Уильям Фолкнер - Пилон
– Смотрите, смотрите! Нет, но каков летчик! Каков летчик! А Орд не будет выжимать из «девяносто второго»… Второй приз в четверг, и, если Орд не будет… Смотрите, Господи! Смотрите!
Она повернулась к нему: подбородок, бледные глаза, голос, сказанного которым он даже не воспринял:
– Да. Деньги – это всегда хорошо.
Потом он даже перестал на нее смотреть, устремив взгляд вдоль взлетно-посадочной полосы, потому что четыре самолета, теперь отчетливо разбившиеся на две пары, приближались к полю аэродрома, быстро увеличиваясь. Опять раздался голос механика:
– Ну шпарит! Посмотрим, как Орд будет с ним тягаться! Глядите, Орд ему уступает…

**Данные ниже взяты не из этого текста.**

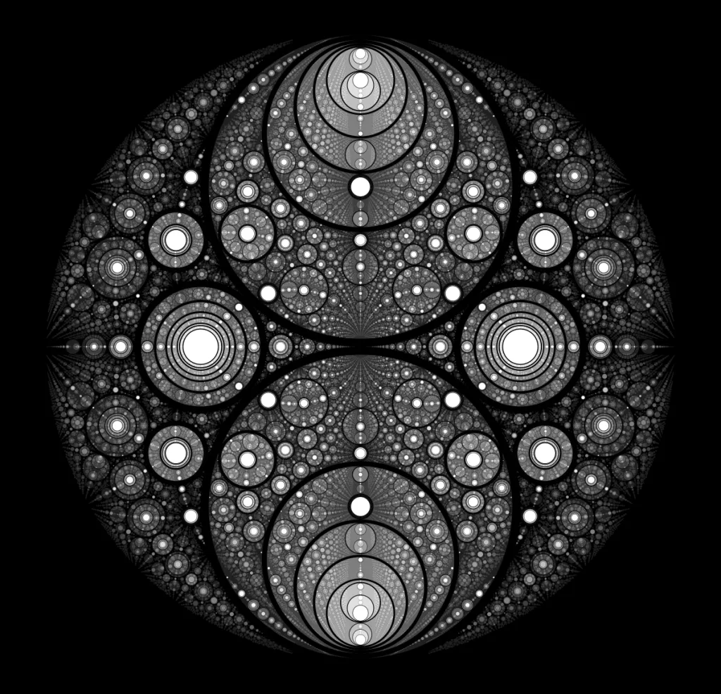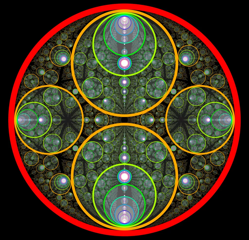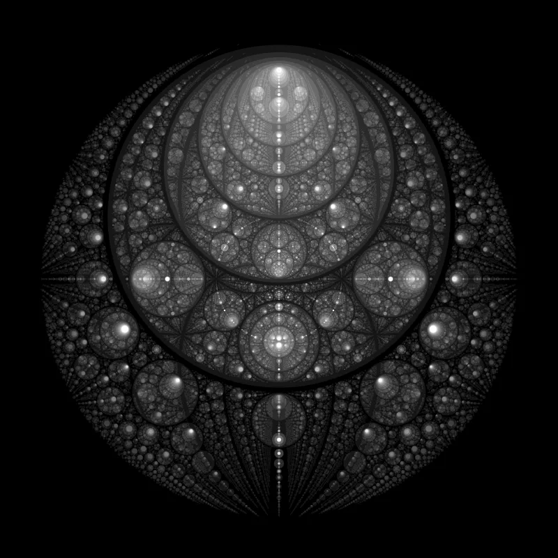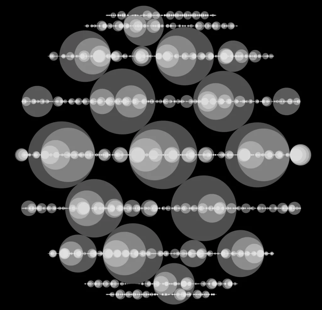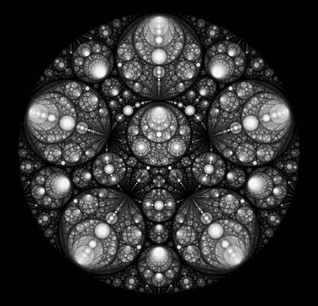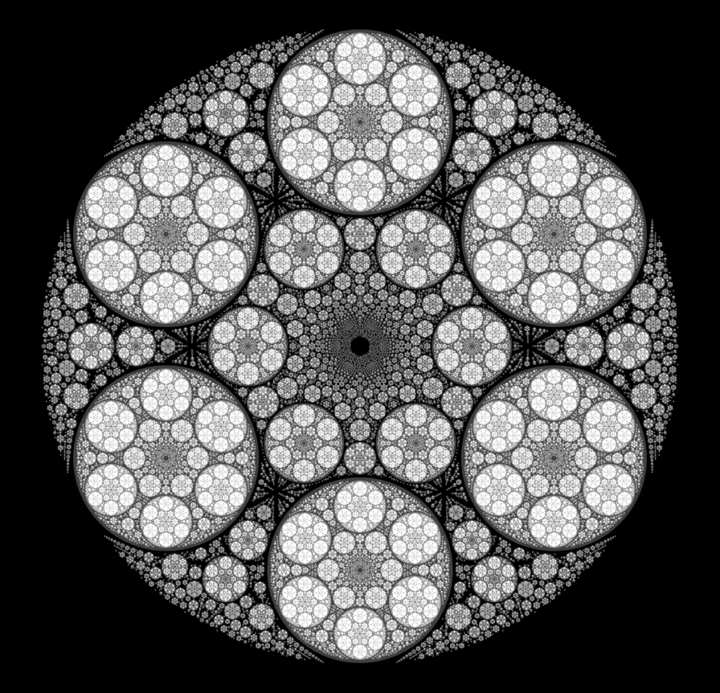 These following four images emerge from picking points at random and constraining the depth – the number of enclosing circles – to certain numbers.

Двое лидеров начали вираж одновременно, идя бок о бок; гулкий рев словно бы опускался и втягивался, как будто машины не производили его сами, а засасывали из неба. Рот репортера был по-прежнему открыт; он знал это по игольчатому покалыванию в больной челюсти. Позднее он вспомнит, как опустил глаза и увидел, что раздавленное мороженое течет меж его пальцев, как поставил мальчика на землю и взял его за руку. Но тогда он этого не сознавал; тогда два самолета бок о бок, Шуман с внешней стороны и чуть выше, пошли на вираж вокруг пилона, будто свинченные воедино, – и вдруг репортер увидел в воздухе над верхушкой пилона некую плывущую невесомую россыпь, похожую на клочки горелой бумаги или на перья. Он смотрел на эти клочки, все еще не закрыв рта, и внезапно услышал чье-то «Ааааа!» – и увидел, как Шуман взмывает вверх почти отвесно и как из его машины вылетает целый ворох легкого мусора.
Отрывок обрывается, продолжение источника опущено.